■ **ASSIGNMENT**
Exactly transcribe the span of lines from the one containing "Calender Month |" through the final line of the entries, inclusive, and nothing outside it. Exclude the pictures.

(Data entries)

════════════════

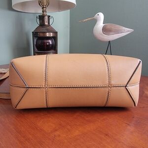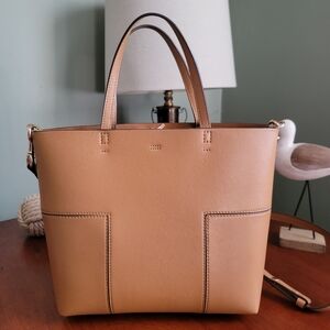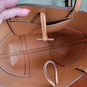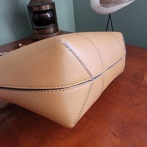 Tory Burch Block-T Small Tote Mustard Yellow Unlined Leather Bag. Exterior is made of unlined mustard yellow leather, with clean lines and matching yellow stitching. This line of bags is the epitome of luxurious minimalism. Gold-tone hardware, with toggle top closure. A true tote, the interior is an open compartment made of matching yellow leather, with one slip pocket.
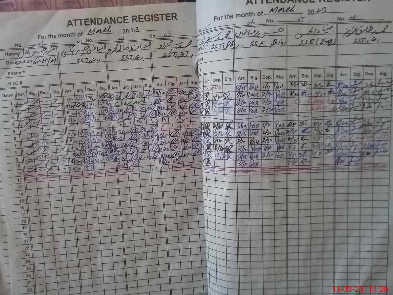 | CNIC | Full Name | Designation | R/C | Absence During Last Calender Month |
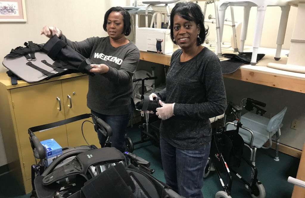 Arm platforms, bed pans, bed support rails (bed canes), bed trays, bedside commodes, bedside tables, various braces, canes (regular, quad and hurry), cast boots, crutches (aluminum and forearm), dressing sticks, various exercisers (including pedal exercisers), foot baths (occasionally), gait belts, reachers/grabbers, patient lifts with slings, shoe horns, handheld shower hoses, shower seats (with or without backs), transfer sliding boards, sock aids, elevated toilet seats, toilet support rails, travel transport wheelchairs, tub support rails, tub transfer benches, weights, regular wheelchairs and walkers (folding, hemi, winnie and rollator).
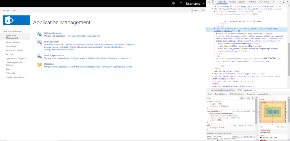 If I do the same thing on any of my web applications that code is replaced with SuiteNavPlaceholder. It used to be the same as the Central Administration and have the suiteBarTop div.
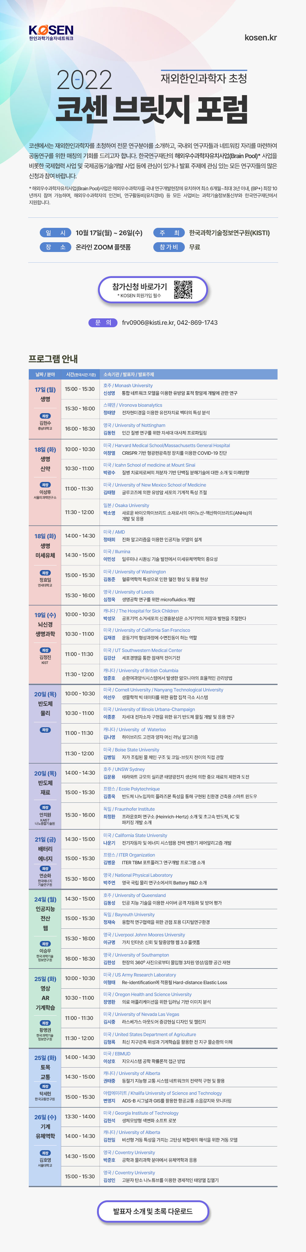 - [일반공지] [한국과학기술정보연구원] 2022 재외한인과학자 초청 코센 브릿지 포럼 안내

════════════════

■ **WRITTEN ANSWER**
 | CNIC | Full Name | Designation | R/C | Absence During Last Calender Month |
 Arm platforms, bed pans, bed support rails (bed canes), bed trays, bedside commodes, bedside tables, various braces, canes (regular, quad and hurry), cast boots, crutches (aluminum and forearm), dressing sticks, various exercisers (including pedal exercisers), foot baths (occasionally), gait belts, reachers/grabbers, patient lifts with slings, shoe horns, handheld shower hoses, shower seats (with or without backs), transfer sliding boards, sock aids, elevated toilet seats, toilet support rails, travel transport wheelchairs, tub support rails, tub transfer benches, weights, regular wheelchairs and walkers (folding, hemi, winnie and rollator).
 If I do the same thing on any of my web applications that code is replaced with SuiteNavPlaceholder. It used to be the same as the Central Administration and have the suiteBarTop div.
 - [일반공지] [한국과학기술정보연구원] 2022 재외한인과학자 초청 코센 브릿지 포럼 안내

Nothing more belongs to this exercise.